Les Etats-Unis, le Canada, la Chine, l’Inde, certains pays du Moyen Orient et la Russie contestent fermement et énergiquement l’application du SEQE aux vols à destination et en provenance des pays hors UE. La directive 2003/87/CE, modifiée par la directive 2008/101/CE, est contestée principalement sur deux fondements :

  • le caractère unilatéral et extra-européen du dispositif, et
  • le non-respect du principe énoncé par la Convention Climat de responsabilités communes mais différenciées (common but differentiated responsibilities ou CBDR) (article 3.1).
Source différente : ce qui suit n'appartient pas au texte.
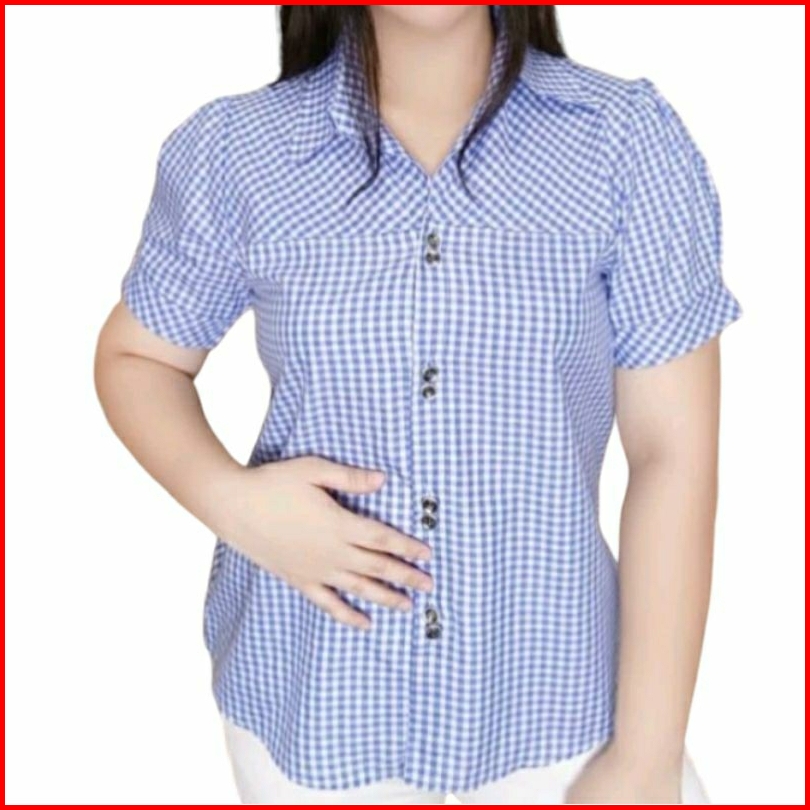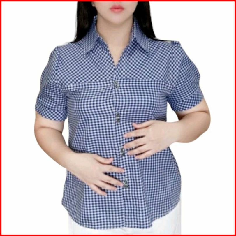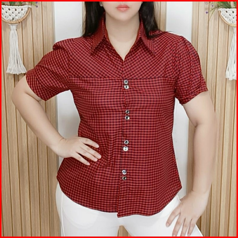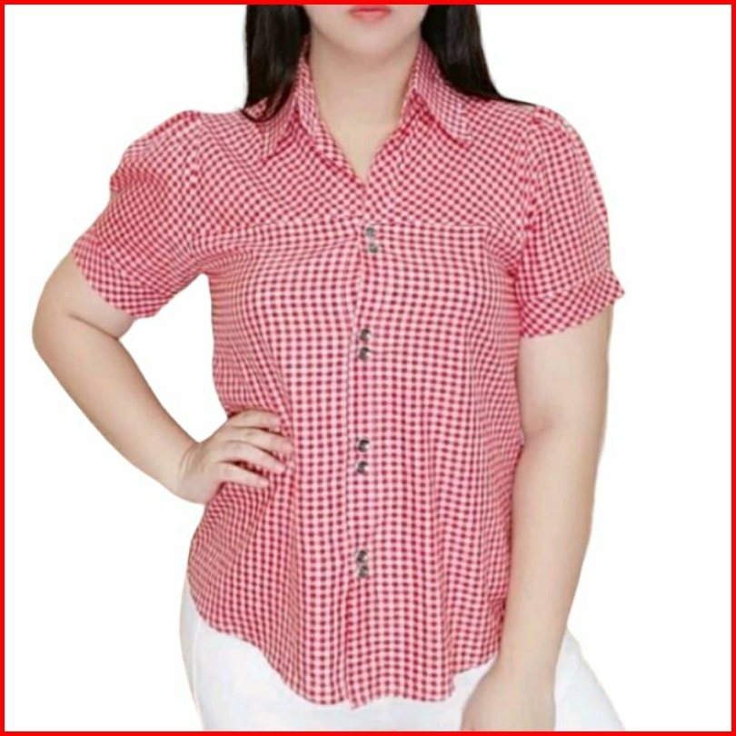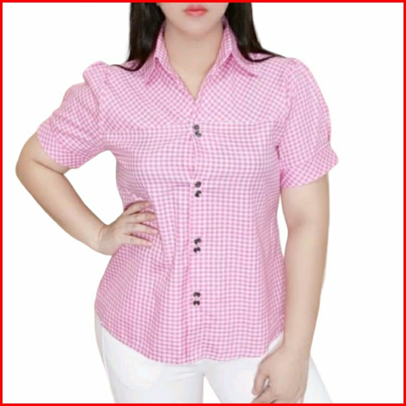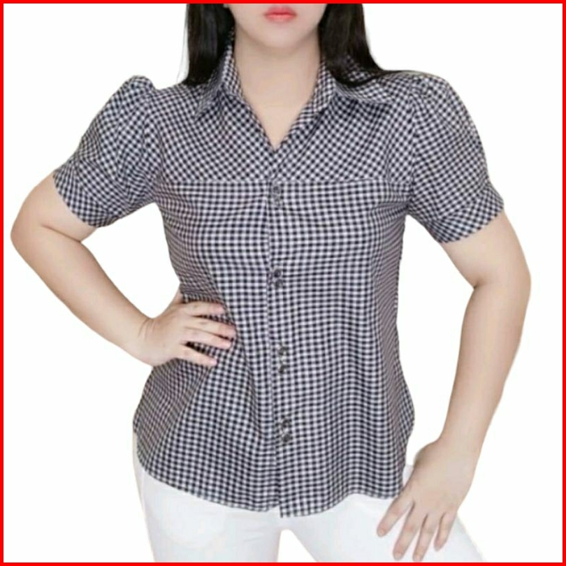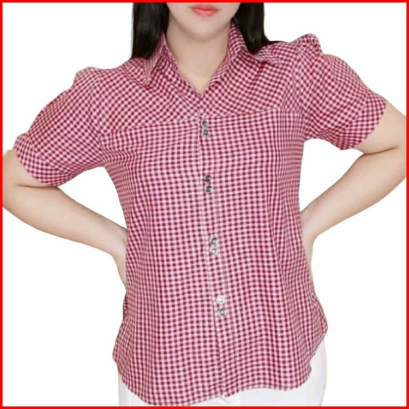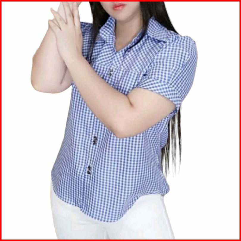 Kemeja Jumbo Motif Kotak Catur Kasual Wanita Bahan Katun Kotak Lengan Pendek Kerah Kemeja

Ce contentieux s’inscrit dans un contexte de crise économique mondiale qui rend les relations diplomatiques entre les Etats plus complexes. Ces contestations se sont concrétisées par des pressions diplomatiques et commerciales, ainsi que par des actions judiciaires. La Chine et les Etats-Unis sont les deux pays les plus fermement opposés à la mise en application de l’inclusion de leurs compagnies aériennes dans le SEQE. La Chine soumet la Commission européenne à une forte pression politique et commerciale pour qu’elle exempte les com-pagnies chinoises du SEQE au nom du non-respect du principe CBDR.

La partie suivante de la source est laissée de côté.